■ Your goal ■
Quote from the first line below through the line that contains "在阐释形而上学宇宙观时,张懿", both included, and leave the pictures out.

■ Supplied data ■

--

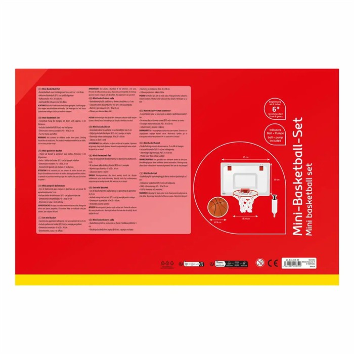 Das Set enthält alles, was du brauchst: ein stabiler Korb mit Netz, ein passender Ball sowie eine Ballpumpe. Dank der einfachen Montage lässt sich das Set schnell anbringen und genauso unkompliziert wieder entfernen ideal fürs Kinderzimmer, Büro oder unterwegs.
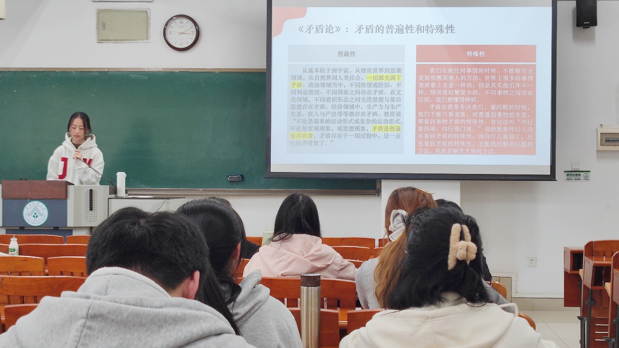 在阐释形而上学宇宙观时,张懿同志以海州盐业发展的历史教训为例,说明忽视事物内部矛盾运动、固守传统生产模式的思维模式终将导致发展停滞;结合中国古代朝代更迭规律指出,静止、孤立的形而上学观点无法正确认识社会发展的根本动力。而在讲解唯物辩证法时,她以国产盾构机的发展历程为鲜活案例,从初期的技术封锁,到直面“直径升级与技术难度增长”的核心矛盾,最终通过持续创新实现从“跟跑”到“领跑”的跨越,生动诠释了“事物发展的根本原因在于内部矛盾”的深刻内涵。
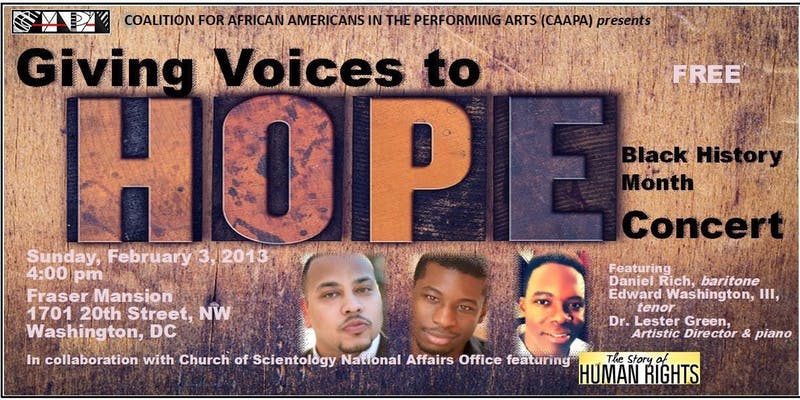 CAAPA (the Coalition for African Americans in the Performing Arts) will be partnering with Youth for Human Rights DC for a Black History Month celebration of human rights and freedom. Washington National Opera performers accompanied by Dr. Lester Green will take the stage to give voice to the hopeless through the beauty of music.

--

■ Answer to the exercise ■
 Das Set enthält alles, was du brauchst: ein stabiler Korb mit Netz, ein passender Ball sowie eine Ballpumpe. Dank der einfachen Montage lässt sich das Set schnell anbringen und genauso unkompliziert wieder entfernen ideal fürs Kinderzimmer, Büro oder unterwegs.
 在阐释形而上学宇宙观时,张懿同志以海州盐业发展的历史教训为例,说明忽视事物内部矛盾运动、固守传统生产模式的思维模式终将导致发展停滞;结合中国古代朝代更迭规律指出,静止、孤立的形而上学观点无法正确认识社会发展的根本动力。而在讲解唯物辩证法时,她以国产盾构机的发展历程为鲜活案例,从初期的技术封锁,到直面“直径升级与技术难度增长”的核心矛盾,最终通过持续创新实现从“跟跑”到“领跑”的跨越,生动诠释了“事物发展的根本原因在于内部矛盾”的深刻内涵。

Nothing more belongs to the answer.